Toy boats have been popular for hundreds of years. There were carved wooden sail boats, tin models of paddle-wheel boats, ocean liners and military fleets made by the 19th century. By the 20th century many were made with mechanisms that pushed them across the water. Or there were simple floating “pond” boats. The exploding boat wasn’t made until the early 1900s. It was a toy made of blocks of wood and came with a submarine or cannon that could shoot a wooden “torpedo” at the side of the boat and blow the wooden blocks apart. The first of these was a 12-inch battleship and cannon set made by Baker and Bennett of New York about 1905 called “Exploding Battleship Builder.” Schoenhut made a similar toy in 1915 called the “Naval War Game.” It was a boxed set with a ship, submarines and three torpedoes. The mechanisms were simple. Each ship had a hollow spot in the lowest wooden section where a mousetrap was set. When the torpedo hit the ship’s side, the trap was sprung and the boat came apart in a noisy “explosion.” Homemade versions were made following printed instructions in a 1935 Popular Science magazine. And in the 1950s, a similar plastic toy was made. The early exploding B & B toy set, 16 pieces and the box, sold at a James Julia auction in Fairfield, Maine, in 2015 for $237.

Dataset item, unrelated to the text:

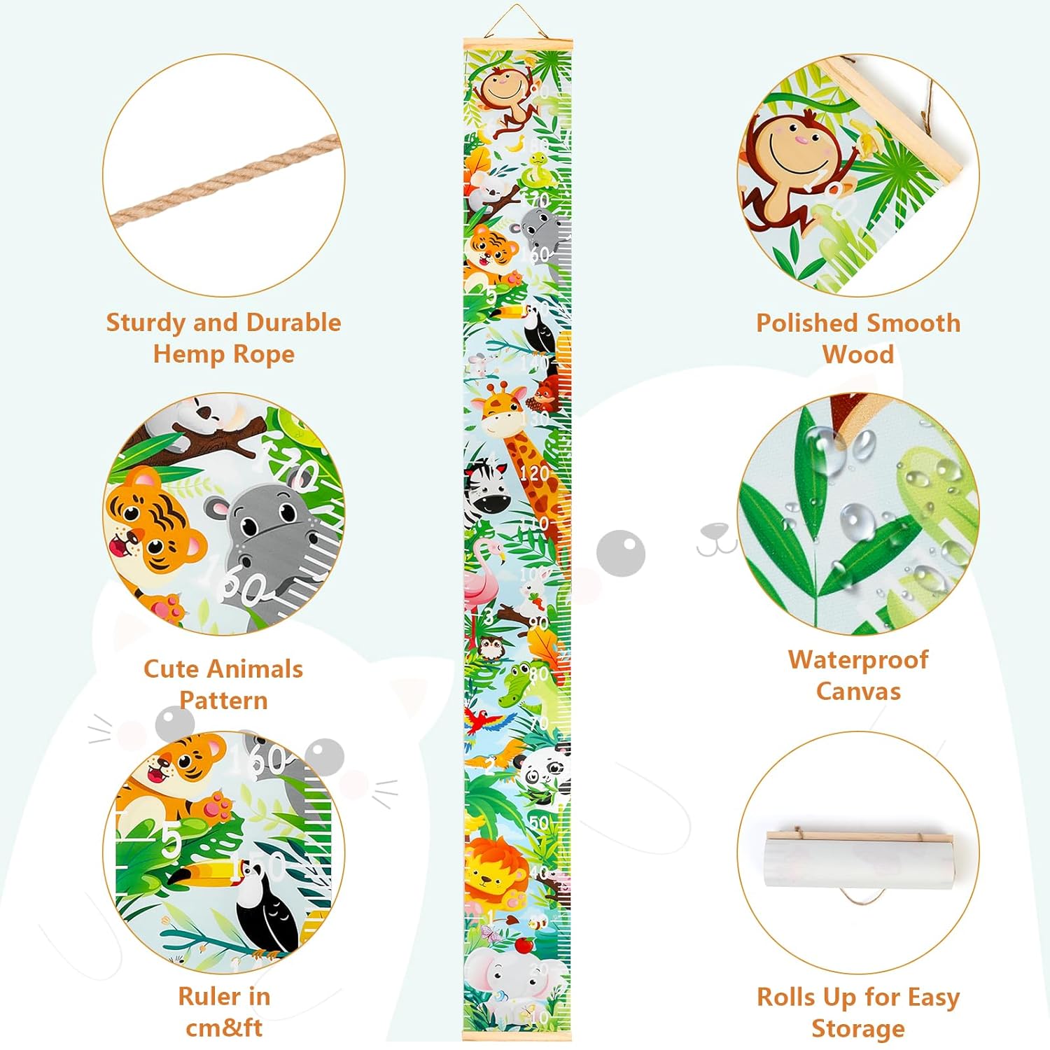 Kids Growth Chart Height Measuring Chart, Animal Jungle Canvas Wall Hanging Rulers for Baby Children Girls Bedroom Decor 74.8''* 7.87'' (Animal)

Q: We bought an arts and crafts-style home, which was built in 1913 in a historic district of San Diego. There is a round circle of brass about two inches in diameter in the middle of the dining-room floor. There are three holes in the brass for prongs to be inserted. Could it have been a servant’s bell?
A: Servants’ bells were used to summon servants in homes built for the wealthy. By the early 20th century, bells were electric and were wired from various rooms in the house to the servants’ area. The bell in the middle of the dining-room floor would have been near the head of the dining-room table. Wires from the bell led to the kitchen. Someone sitting at the table could step on the bell to call a servant to bring the next course. The holes in the brass may be where the bell or the wires were attached to the plate in the floor.
Q: We have a dresser with a label that reads “Globe-Bosse World Furniture Co.” When was that company in business?
A: Globe-Bosse World Furniture Co. was founded in Evansville, Ind., in 1910 when three furniture companies in Evansville joined together. The Globe Furniture Co. started in 1899, Bosse Furniture Co. in 1905 and World Furniture Co. in 1907. A fire destroyed much of the company in 1946. It was out of business by the early 1960s.